In the Vico Rotto, by the great market, which is only inhabited by the poorest people, and where the pestilence began in the year 1656, four months later, the son was born who was destined to act so remarkable a part. Tommaso Aniello was baptized in the parish church of Sta. Catherina in Foro on June 20, 1620. On April 25, 1641, he married Bernardina Pisa, a maiden from the neighborhood of that town. Their poverty was so great that often Masaniello could not even follow up his trade of a fisherman, but earned a scanty livelihood by selling paper for the fish to be carried in. He was of middle height, well made and active; his brilliant dark, black eyes and his sunburnt face contrasted singularly with his long, curly, fair hair hanging down his back. Thus his cheerful, lively conversation agreed but little with his grave countenance. His dress was that of a fisherman, but as he is, in general, considered a remarkable person — whatever may be thought of the part he performed — so he understood, in spite of the meanness of his attire, by his arrangement and his choice of colors, to give it a peculiarity that stamped it in the memory of his contemporaries. The life of this remarkable man — a nine-days’ history — clearly shows us that he possessed wonderful presence of mind and a spirit that knew not fear.

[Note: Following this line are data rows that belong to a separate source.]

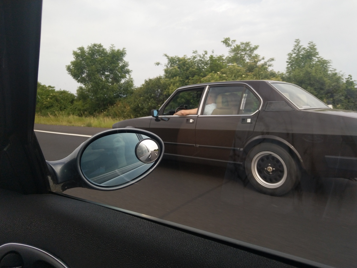 Cestu tam jsme si zpestřili malým závodem za Vídní s krásnou Alfettou
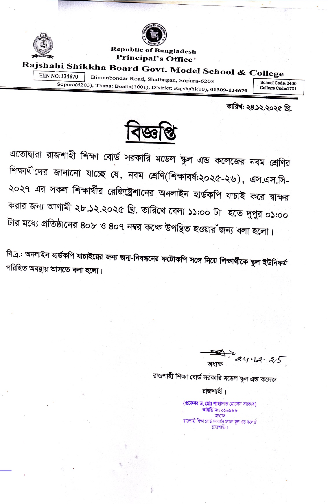 নবম শ্রেণির রেজিস্ট্রেশন সংক্রান্ত।
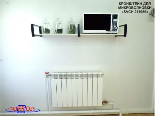 Кронштейн для микроволновки, 15см черный, 1 полка 30х120см "SVCH 211959" под микровол.печь,сосна
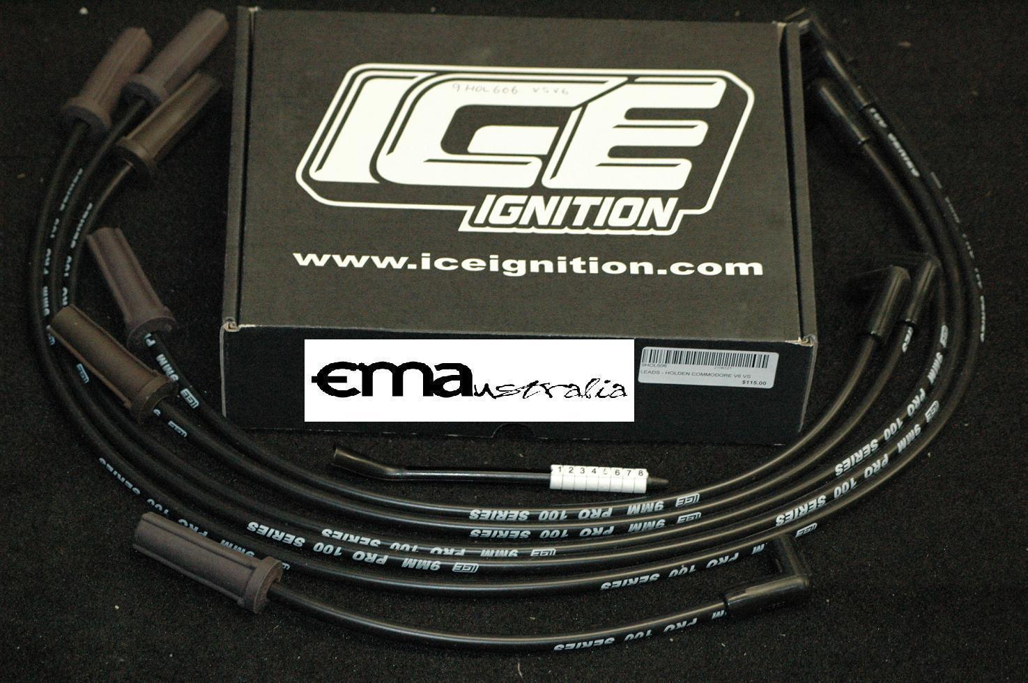 ICE IGNITION 9MM LEADS HOLDEN COMMODORE VS-VT SERIES I 3.8L V6 9HOL606 ICE plug wires are manufactured using the highest quality low resistance spiral wound copper alloy core and stainless steel "Snap Lock" cap and plug fittings. Extreme temperature silicone insulation and boots are used. The ultimate 9mm Pro 100 Series wires are used in all ICE ignition kits and have an extremely low resistance of just 100 ohms per metre for maximum spark intensity and duration.9 mm Pro 100 Series plug wire sets feature:
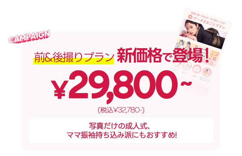 「成人式は写真だけで残したい」「ママ振袖を活用してコストを抑えたい」という方におすすめなのが、前撮り&後撮りプラン。
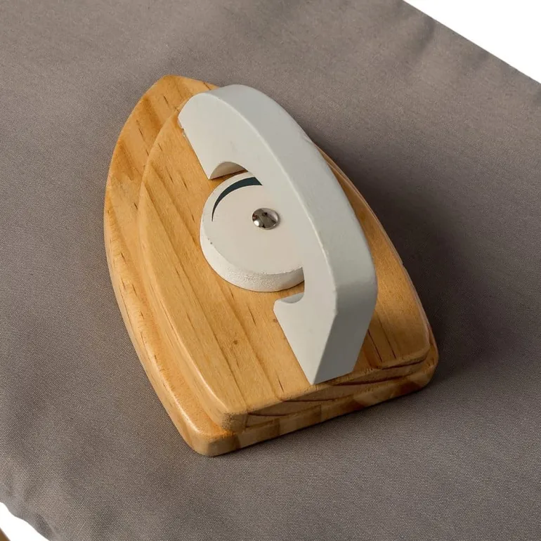 Strygebrættet har fint gråt stof på strygefladen, samt kan foldes sammen. Strygejernet har en drejeknap, neturligvis med “klik”lyd

It happened, once, in the midst of the discontent which was everywhere excited by the exorbitant increase of taxation, that Masaniello’s wife was detained by the keepers of the gate while she was endeavoring to creep into the town with a bundle of flour done up in cloths to look like a child in swaddling-clothes. She was imprisoned, and her husband, who loved her much, only succeeded in obtaining her liberation after eight days. Almost the whole of his miserable goods went to pay the fine which had been imposed upon her. Thus hatred was smouldering in the mind of Masaniello, and the flame was stirred when he — it is not known how — quarrelled with the Duke of Maddaloni’s people and was ill used by them in an unusual manner. Then the idea seems to have occurred to him to avenge himself by the aid of the people.
Many have related that instigators were not wanting. Giulio Genuino is named, formerly the favorite of the Duke of Ossuna, who, after he had encountered the strangest fate, and after wearing the chain of a galley slave at Oran on the coast of Barbary, had returned an aged man, in the habit of an ecclesiastic to his native country, meditating upon new intrigues as the old ones had failed; also a captain of banditti and a lay brother of the Carmine, who gave Masaniello money, were among the conspirators. Perhaps all this was only an attempt to explain the extraordinary fact. This much only is known with certainty, that Masaniello sought to collect a troop of boys and young people, who, among the numerous vagrant population, thronged the market and its neighborhood from the adjacent districts, as whose leader he intended to appear, as had often been done before, at the feast of the Madonna of Carmel, which takes place in the middle of July.